This is a masterful integration of scientific insights on “the human path to ecological domination,” a scholarly work made accessible to the intelligent non-specialist with care to explain the basic terms and concepts. It surveys human choice patterns (“gambles”), conceived broadly to include both motivational and genetic selection, from their very earliest history through the stimulus of the ice ages, the changes wrought by cooking fires, farming, writing, and capital markets, to our current confrontation with looming ecological disaster. The authors frame these patterns as risk management, but their analysis goes beyond familiar behavioral economics to bring in recent evidence about migration patterns, cortical neuron densities, genocidal epidemics—and elephants.
The elephants might seem like comic sidekicks at first, but the authors, who do actual laboratory experiments on their choice-making, point out that elephants are the only species with comparable brain neuron densities to have evolved alongside homo sapiens on the African savannah during the late Pleistocene epoch.
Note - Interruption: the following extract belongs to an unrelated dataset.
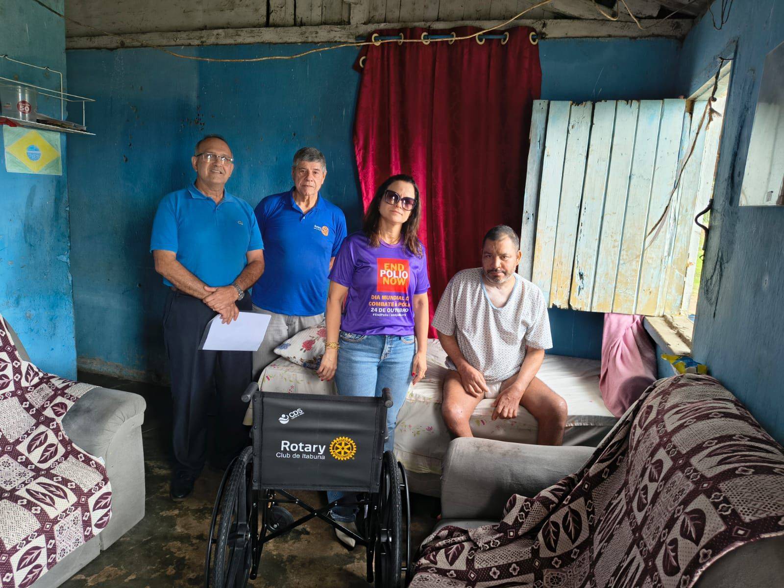 Na manhã de sexta-feira, 17 de outubro, o Banco de Cadeira de Rodas do Rotary Club de Itabuna realizou mais uma entrega solidária. Alessandro Santos da Silva, de 51 anos, morador do bairro de Ferradas, na localidade Roça do Povo, recebeu uma cadeira de rodas porque infelizmente sofre de tetraplegia. A entrega foi realizada pela coordenadora do Banco de Cadeira de Rodas, Adriana Mozer, com o apoio dos companheiros Gilberto Santana e José Roberto Simões.

Elephants’ augmented neurons are cerebellar rather than cerebral and their anatomy is very different, but through “convergent evolution” they developed a flexibility of choice-making as great as that of humans and well beyond that of non-human great apes.
The authors argue cogently that comparison with elephants provides the best evidence about how humanity developed during that distant period, as well as the best illustrations of humans’ unique intellectual bent: Dense cerebral packing has both blessed and cursed people with such great powers of imagination that the line between fact and fantasy is often tragically obscured, whereas elephants’ dense cerebellar packing has made them pragmatic reasoners. The authors summon a hypothetical elephant anthropologist to give a trenchant account of peoples’ puzzling preoccupations; this is the high point of the book’s broad range of illustrative examples.
It was a pleasure to read this many-faceted ecological history, even the stern warning at the end. This behavioral economics at its best.